Assessment is by a combination of written assignments, tests,
laboratory work and examinations.
Supplementary assessment is not normally available in any subject
except at the discretion of the Head of School in exceptional
circumstances.
Special Consideration in assessment may be granted on the grounds
defined by the University Statutes.
Guidelines on the use of electronic calculators and other electronic
storage devices in examinations are provided in individual subject
outlines distributed to students within the first two weeks of semester
and included on final examination papers.
Electronic calculators and other electronic storage devices will not
be permitted where the above provisions have not been made.
DEGREE WITH HONOURS
A Degree with Honours Program is offered concurrently with the
fourth year of the ordinary Bachelor of Engineering program.
Normally, students entering the final year of a full-time Bachelor of
Engineering program (or its equivalent in part-time mode), will be
offered honours candidacy, if they have achieved a minimum hour
weighted average of 60 per cent over year levels 1 to 3, have not
repeated a subject through levels 1 to 3 and have not been granted
more than one year completion by compensation throughout the
duration of the course.
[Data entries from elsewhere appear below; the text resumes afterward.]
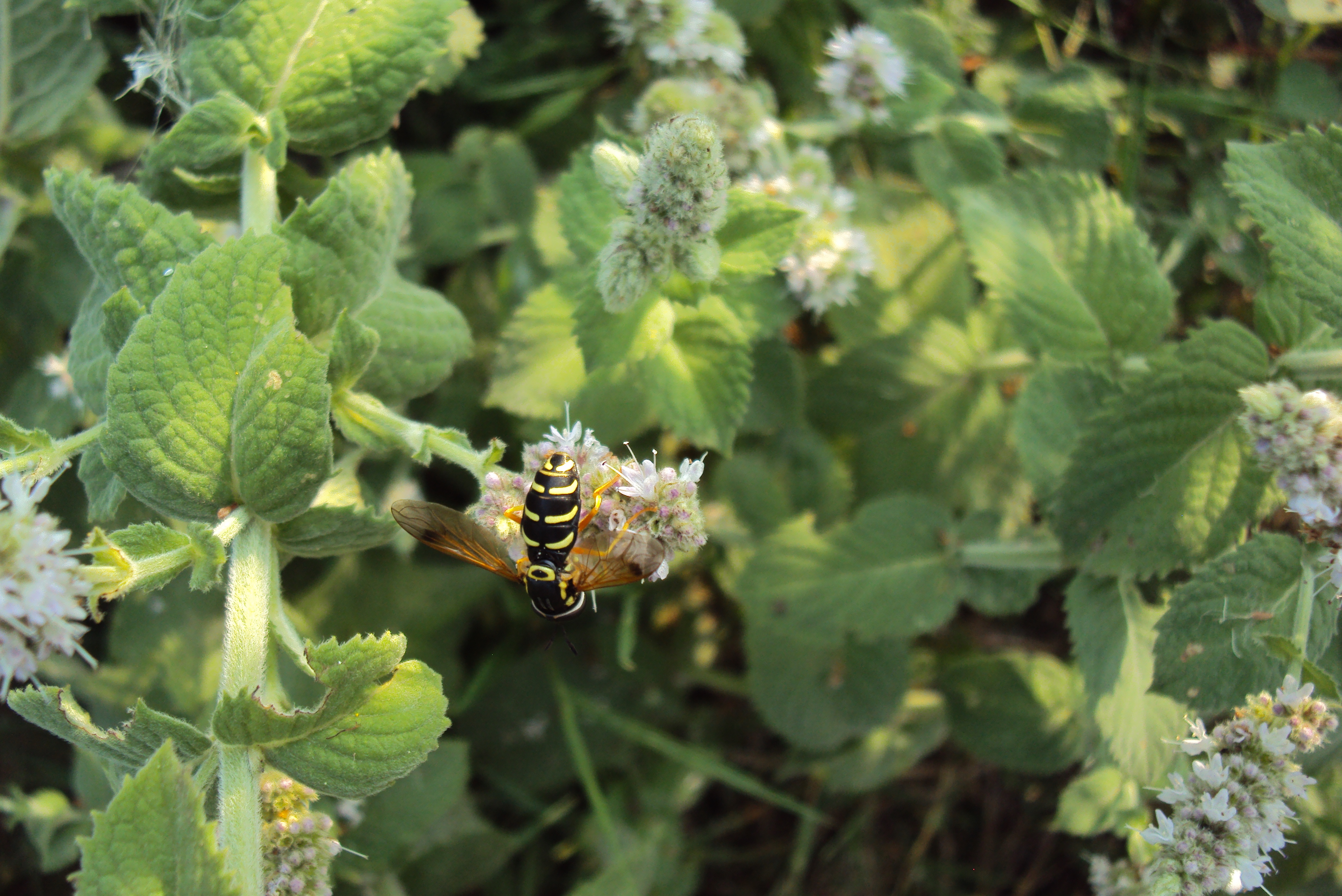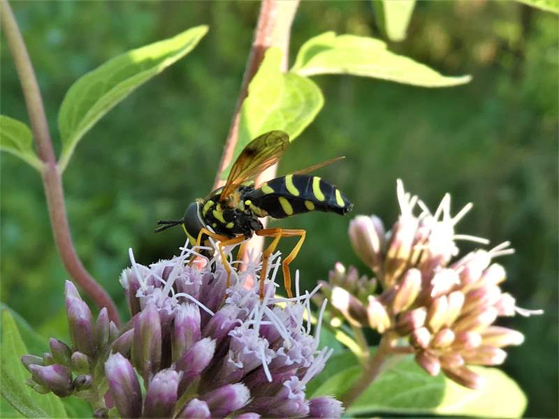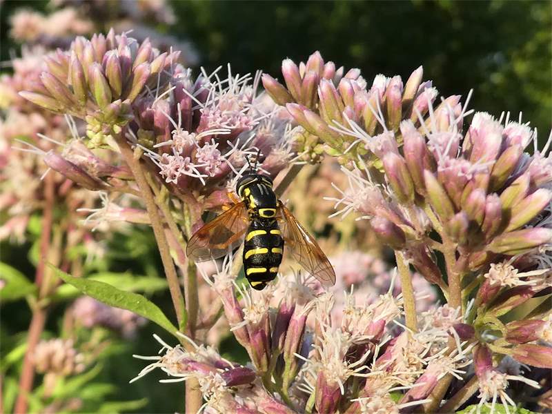 Späte Wespenschwebfliege an Wasserdost, Pockau-Lengefeld, August 2023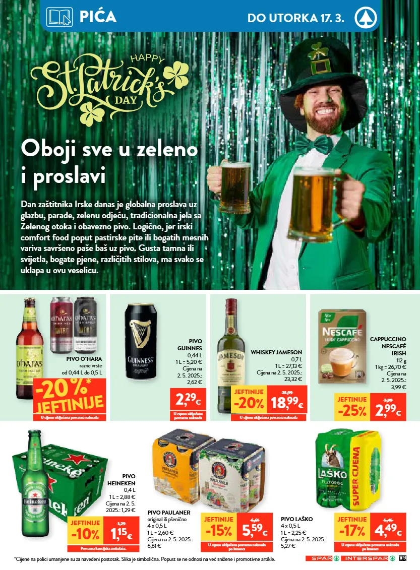 *cijene na polici umanjene su za navedeni postotak. slika je simbolična. popust se ne odnosi na već snižene i promotivne artikle. do utorka 17. 3. pića pivo guinnes 0,44 l 1 l = 5,20 € cijena na 2. 5. 2025.: 2,62 € pivo o´hara razne vrste od 0,44 l do 0,5 l pivo heineken 0,4 l 1 l = 2,88 € cijena na 2. 5. 2025.: 1,29 € pivo laško 4 x 0,5 l 1 l = 2,25 € cijena na 2. 5. 2025.: 5,27 € pivo paulaner original ili pšenično 4 x 0,5 l 1 l = 2,60 € cijena na 2. 5. 2025.: 6,61 € whiskey jameson 0,7 l 1 l = 27,13 € cijena na 2. 5. 2025.: 23,32 € cappuccino nescafé irish 112 g 1 kg = 26,70 € cijena na 2. 5. 2025.: 3,99 € jeftinije -25 % 3,99 2 , 99 € oboji sve u zeleno i proslavi dan zaštitnika irske danas je globalna proslava uz glazbu, parade, zelenu odjeću, tradicionalna jela sa zelenog otoka i obavezno pivo. logično, jer irski comfort food poput pastirske pite ili bogatih mesnih variva savršeno paše baš uz pivo. gusta tamna ili svijetla, bogate pjene, različitih stilova, ma svako se uklapa u ovu veselicu. jeftinije -15 % 6,61 5 , 59 € u cijenu uključena povratna naknada po limenci u cijenu uključena povratna naknada po limenci jeftinije -17 % 5,45 4 , 49 € jeftinije -20 % 23,99 18 , 99 € u cijenu uključena povratna naknada jeftinije -10 % 1,29 1 , 15 € povratna kaucijska ambalaža. -20 % * jeftinije u cijenu uključena povratna naknada 2 , 29 € u cijenu uključena povratna naknada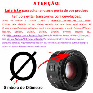 Atenção! Antes de efetuar a compra do filtro, certifique-se de que esta comprando o tamanho correto para sua lente. Para identificar o tamanho correto da rosca de sua lente, procure pelo simbolo de um círculo cortado por uma barra igual a esse: Ø . A medida da rosca vai estar bem na frente desse símbolo especificado em milímetros (mm), como nos exemplos a seguir: Ø49mm, Ø52mm, Ø55mm, Ø58mm, Ø62mm, Ø67mm, Ø72mm, Ø77mm, Ø82mm e assim por diante. Não confundir com a distância focal da lente, exemplo: 55mm, 18mm, 70mm etc… Caso tenha dificuldades favor entrar em contato para que possamos ajuda-lo. Veja as fotos com as instruções.

Fourth year honours degree gradings will be
determined by the relevant Examiners Board on the basis of the hour
weighted average for year level 4.
INDUSTRIAL EXPERIENCE
Students are required to undertake a 12 week industrial work
experience period during their course. At the end of third year,
students will have an option to undertake a 12 week (minimum)
integrated industry placement program. It is intended that this
program will meet the 12 week industrial work experience
requirements imposed upon all accredited Engineering degree
courses by Engineers Australia.
BACHELOR OF ENGINEERING IN CIVIL
ENGINEERING
Course Code: EBCC
CRICOS No: 002859K
Civil Engineering is a broad-based discipline involving the planning,
design, construction and management of a wide range of essential
community infrastructure including, commercial and industrial
buildings, water supply and wastewater systems, irrigation,
drainage and flood protection systems, bridges, roads, highways
and transportation systems, and port harbour and airport facilities.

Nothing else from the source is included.